- The Washington Times - Thursday, June 15, 2000

Who is the real public servant: a company whose software innovation benefited "many if not most consumers," in the words of a federal judge? Or is it the government agency that is seeking to break the company up for supposedly trying to leverage its dominance of operating systems into a monopoly of Web browsers, thereby violating antitrust laws? According to that very same federal judge, Thomas Penfield Jackson, it's the government agency.
Defending his decision to side with the U.S. Justice Department's plan to break up Microsoft into two competing firms, Judge Jackson explained last week that the "plaintiffs' proposed final judgment is the collective work product of senior antitrust law-enforcement officials of the United States Department of Justice and the Attorneys General of 19 states, in conjunction with multiple consultants. These officials are by reason of office obliged and expected to consider and act in the public interest; Microsoft is not."
This is a breathtaking argument. Its premise is that the government's proposal must serve the public interest because, well, it's supposed to. But Microsoft, which must give the public what it wants on a daily basis or risk going out of business, does not.
Assume, for the sake of argument, that he is correct. Try to imagine how much "service" there would be in a world filled with nothing but "public servants," as Judge Jackson defines them. Forget about using computers and word processors or pens for that matter to write opinions since Justice Department officials might not get around to inventing them. Judge Jackson might be reduced to communicating his decisions through smoke signals, which he would have to distinguish somehow from the smoke signals sent by National Park Service officials burning down the forests around Los Alamos, N.M.

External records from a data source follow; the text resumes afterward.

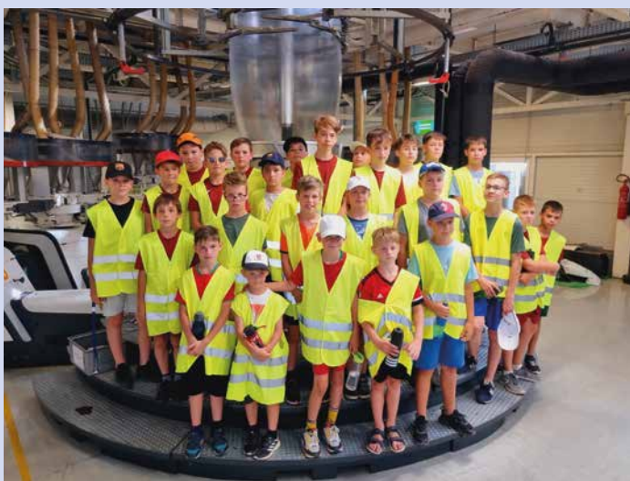
Üzemlátogatás a Lajosmizsei Folplast Kft.-nél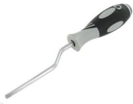
der Speichennippel- dreher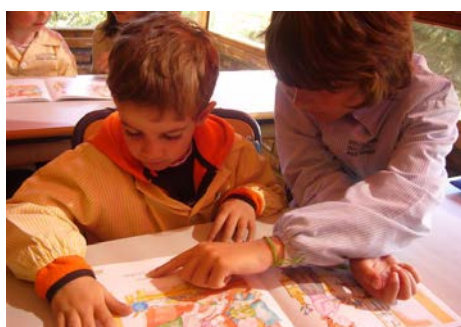
Ajudant en la lectura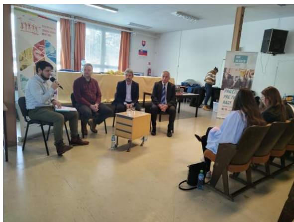
Diskusie s prizvanými odborníkmi z praxe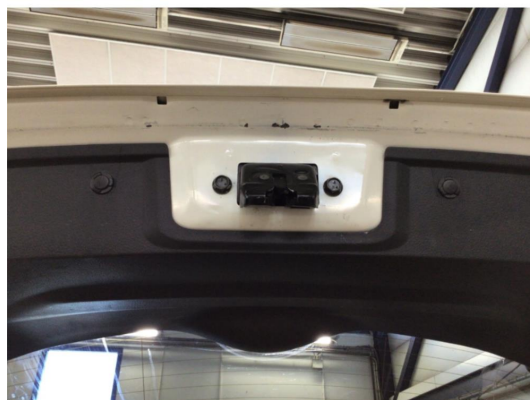
1.4 Skrap i lakk på inside av bakluke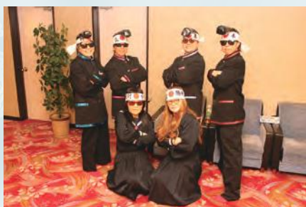
「俺んどこに来ないか?」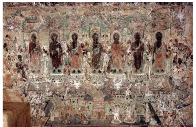
莫高窟第 220 窟的藥師七佛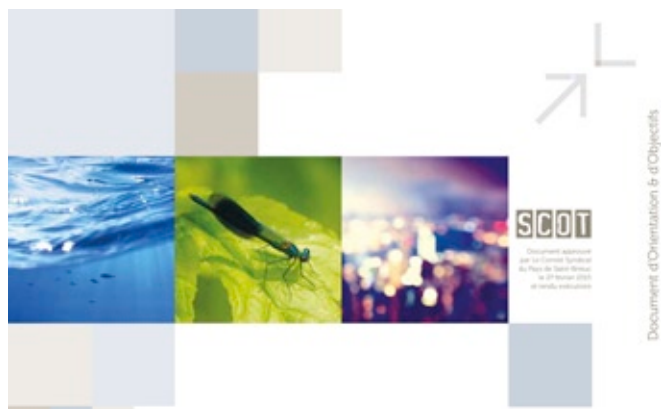
SCHÉMA DE COHÉRENCE TERRITORIALE le SCOT du Pays de Saint-Brieuc est exécutoire

Le Schéma de Cohérence Territoriale SCOT a été approuvé par les élus du Pays de Saint-Brieuc le 27 février 2015. Suite à sa transmission au Préfet des Côtes d'Armor, il est exécutoire depuis le 10 mai 2015. De ce fait, le SCOT du Pays de Saint-Brieuc s'applique sur les 63 communes du territoire et est opposable aux documents d'urbanisme locaux, aux zones d'aménagement concerté, aux autorisations d'exploitation commerciale et à certaines opérations foncières.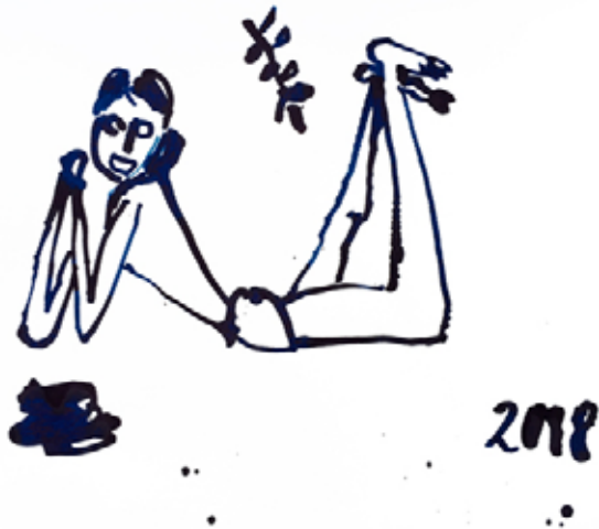
JOSEF ZEKOFF (2018) Ohne Titel Ink on paper 38 x 26,5 cm Unique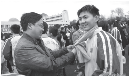
为儿子系上成人纪念丝巾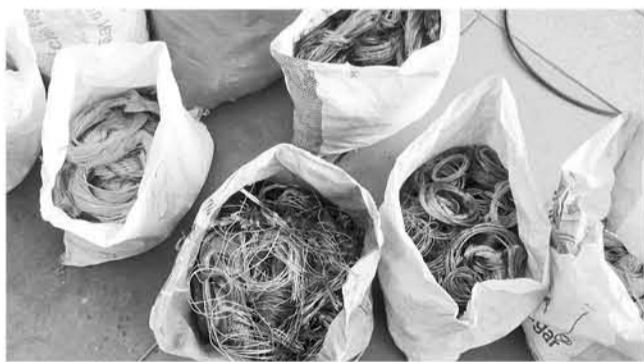
ESTE NUEVO IMPLICADO mantendría relación con el primer detenido en la compra y venta de este material.

Según explicó Carabineros, se trataría de un hombre de 60 años, quien mantendría lazos comerciales con el primer detenido del hecho.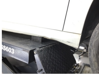
Marşbiyel, sağ, Marşbiyel, sağ > Hasarlı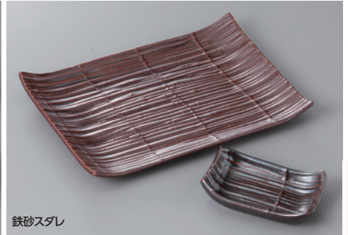
鉄砂スタル 263-17-73H 1,400円 焼物皿 20×14×2cm 263-18-73H 550円 角千代口 8.3×6×2cm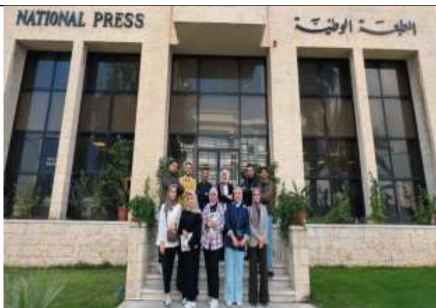
Students from the Salt College of Humanities visit the National Printing Press.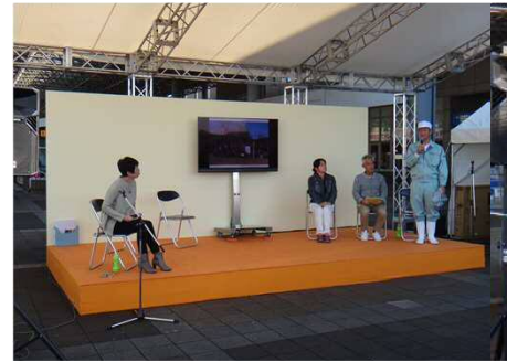
パネラーからの話題提供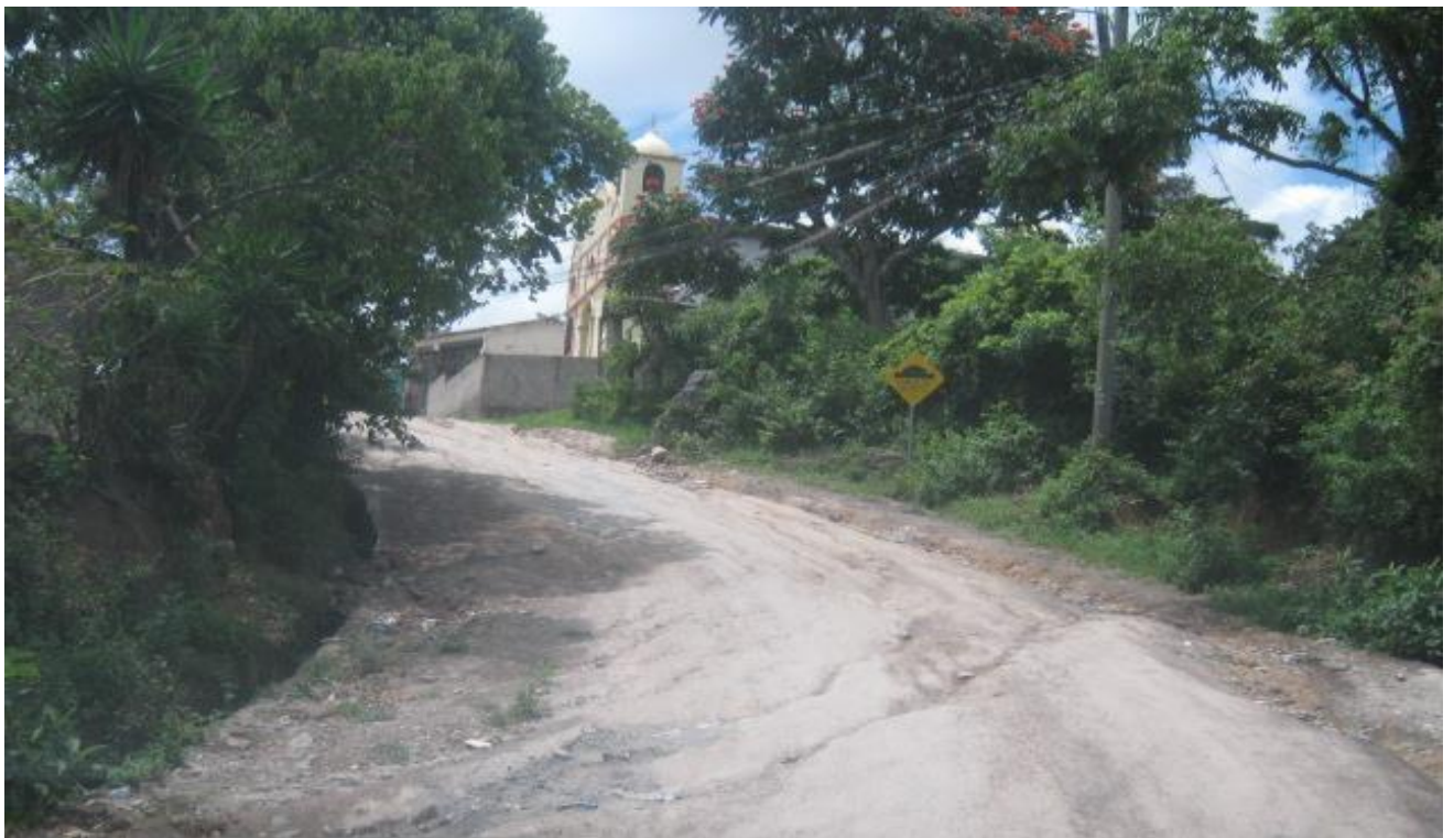
Final de calle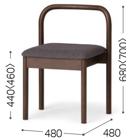
② 北海道ナラ DBR ライク DGY/F3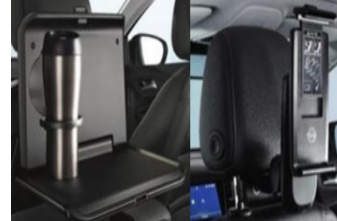
1 asztalka + 1 univerzális tablet tartó + 2 csatlakozó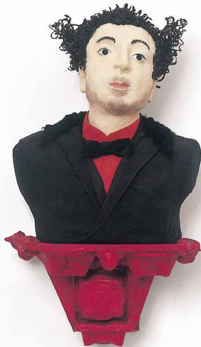
Lenins Bruder war Musiker Skulptur · Mischtechnik · Höhe 60 cm (mit Sockel)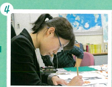
4 真剣な表情で取り組みます。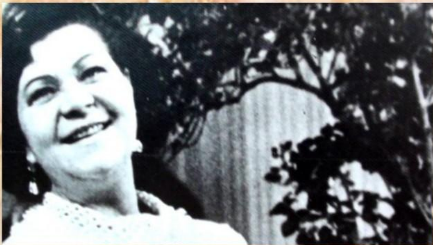
К.И.Шульженко во время съёмок на Центральном телевидении. 1960-е годы

Я просто не могу петь под собственный голос и в таком случаи превращаюсь в слушателя. Творчество всегда неповторимо.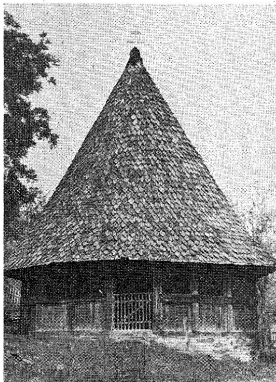
29. Црква у Дубу — Eglise de »Dub«.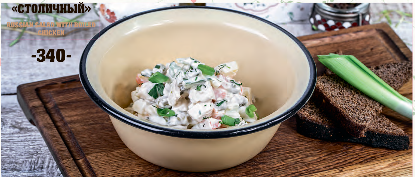
«СТОЛИЧНЫЙ» RUSSIAN SALAD WITH BOILED CHICKEN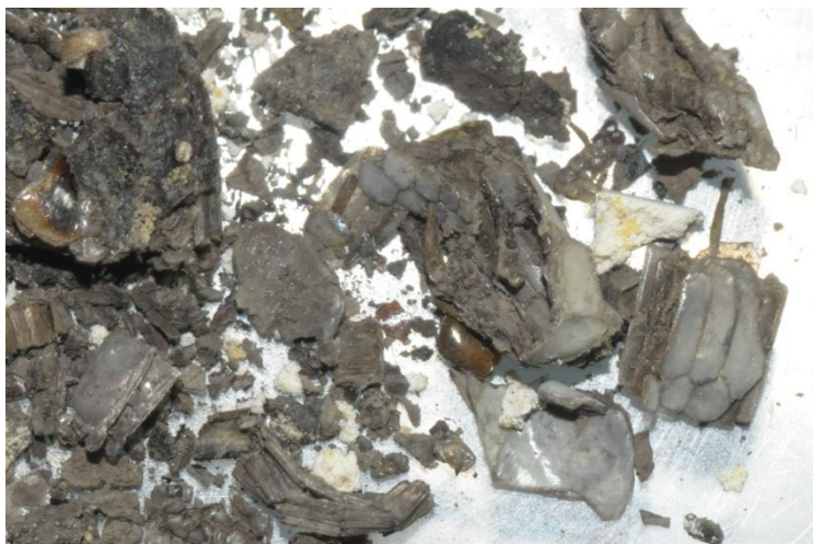
Fig. 6 :: Excrement d' Hemorrhois hippocrepis contenint escames caudals i ventrals de lacèrtid.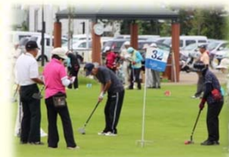
グラウンドゴルフ場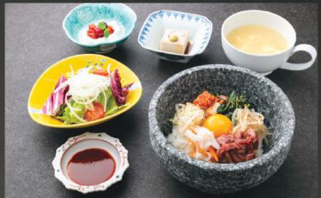
石焼ビビンバ定食 160K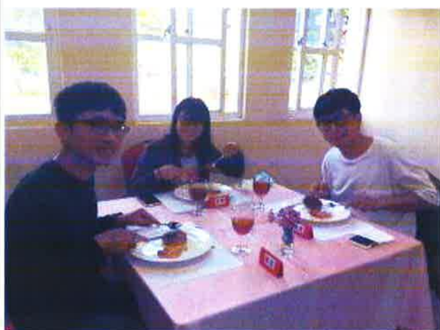
說明：邀請師長參與體驗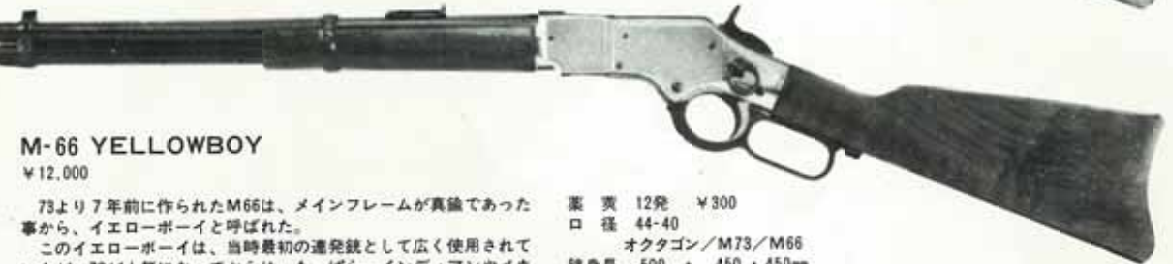
M-66 YELLOWBOY ¥12,000

スタンダードモデルは、西部劇独特のレバーアクションが楽しめるように、丈夫なメカニズムと、もっともふり回しやすい17インチの銃身をもった軽快なサドルカービンです。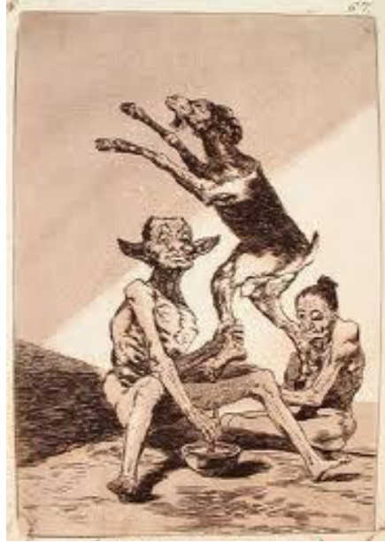
Illustration n° 3. Goya, Caprichos , gravure 67, « Aguarda que te unten »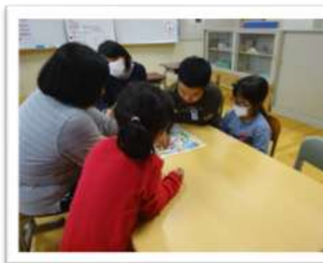
あおぞら・ひだまり学級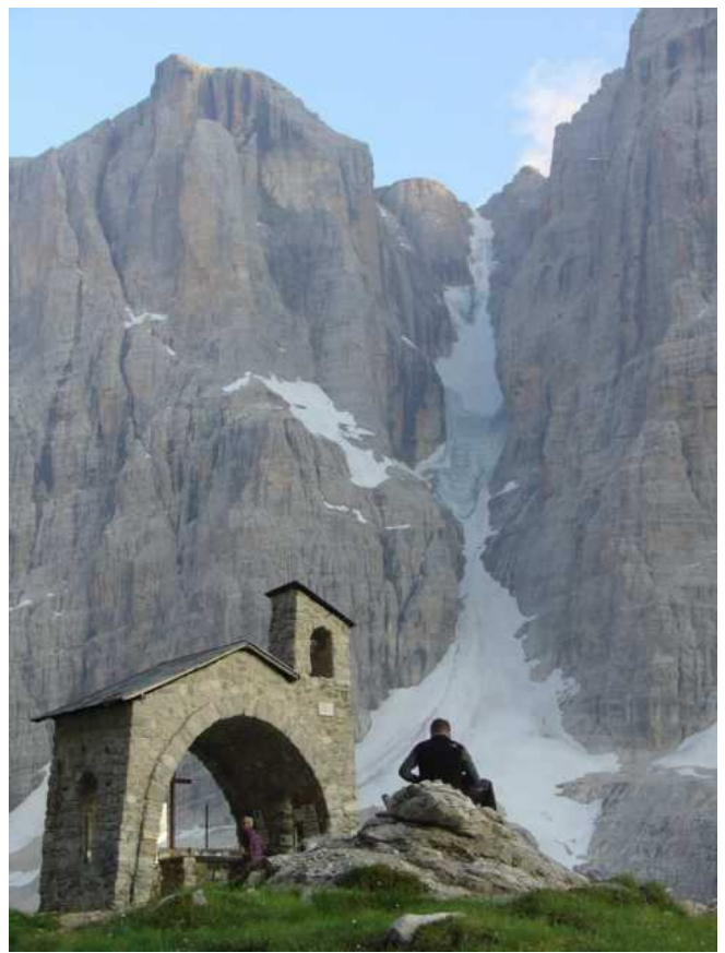
Bergidylle am Abend vor unserer Tour

Karte: Alpenvereinskarte Blatt 51, Info: Firn- und Eisklettern in den Ostalpen, Alpinverlag Jentzsch-Rabl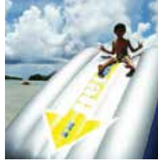
アクティビティ ・ウォータースライダー ・水上トランボリン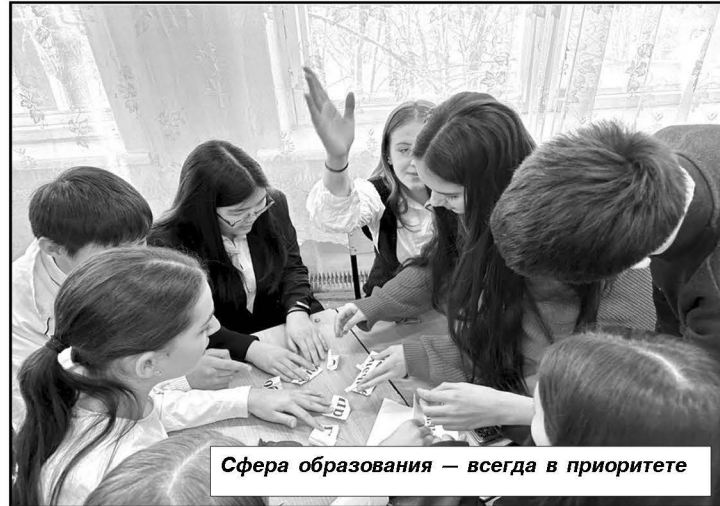
Сфера образования — всегда в приоритете

с требованиями Федеральной службы по надзору в сфере образования и науки Российской Федерации. Средний балл единого государственного экзамена по русскому языку в 11-х классах составил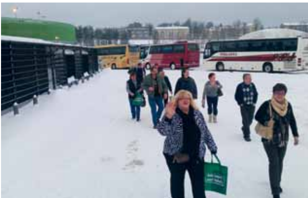
Matkalla bussille, kaupat tehty ja kotia kohti.

Perhaps Judge Jackson didn't really mean to say Microsoft was not obliged to serve the public interest. Perhaps he meant to say only that Justice Department officials were serving the public interest by trying to tame the company's wretched capitalistic excesses. It's a plausible argument. There just isn't any evidence to support it. Even the government's own witness in the case couldn't show that Microsoft had harmed consumers by integrating its browser into its Windows operating system and, in effect, giving the browser away for free. Judge Jackson himself acknowledged that integrating the two had increased general familiarity with the Internet and reduced the cost of gaining access to it. No, the danger to the public is prospective: Microsoft might some day exploit its "monopoly" to gouge consumers. Breaking up the company might increase competition, which might protect them from predatory practices.
But there are very definite winners in the case right now, aside from firms that have less to fear from a Microsoft hamstrung by the Justice Department and Judge Jackson. Consider a few:
Beltway lobbyists, PR firms and lawmakers. Whatever message Judge Jackson may have intended his ruling to send, the one high-tech firms heard was that they could not afford to ignore Washington politics. These days the news media are filled with stories about dot-com firms' pouring money into campaign coffers, ad campaigns and other lobbying efforts to protect themselves from public servants even if the firms themselves haven't made any money yet. "They're realizing that they can be hurt as well as helped by Washington," an industry analyst told the Wall Street Journal.
Journalists. In an effort to communicate directly with the public, Microsoft has embarked on a huge mass-media advertising campaign that helps pay journalists' salaries. Such controversy is good for the bottom line of publishing companies. Further, it can put reporters whose stories on antitrust matters once languished back by stock tables on the front page, television and so on.
Regulators. Companies now take care to genuflect to antitrust regulators who weren't always so vital to business success. Cisco Systems Inc., which makes Internet switching equipment, works hard at schmoozing government officials who oversee the company. To date, it has avoided Microsoft's fate. That case, a company official told the Journal, confirms the belief of higher-ups that "we were right to invest resources in Washington." Regulators' experience in such cases, it's worth noting, make them candidates for high-paying private-sector jobs to help firms stay out of trouble in the future.
The Washington metropolitan area: It's not a coincidence that Fairfax and Montgomery counties are among the wealthiest in the nation. The high-priced talent that protects companies from Beltway intrusion calls them home.
The question for Judge Jackson and his sympathizers is whether "investing in Washington" serves the public interest the way that, say, investing in new improved hardware and software does. Journalist Jonathan Rauch identified firms' focus on Washington as a symptom of the "parasite economy." Writing of a particular piece of legislation, he said, "Only one class of people will certainly come out ahead… [T]he lawyering, lobbying and politicking class is several million dollars richer. Another Washington lobby has been born, and another political action committee … Like all PACs, it will invest in friendly politicians rather than in new factories."
To describe the creation of a parasite class as a public service is exactly what one would expect from the Beltway. It's self-serving.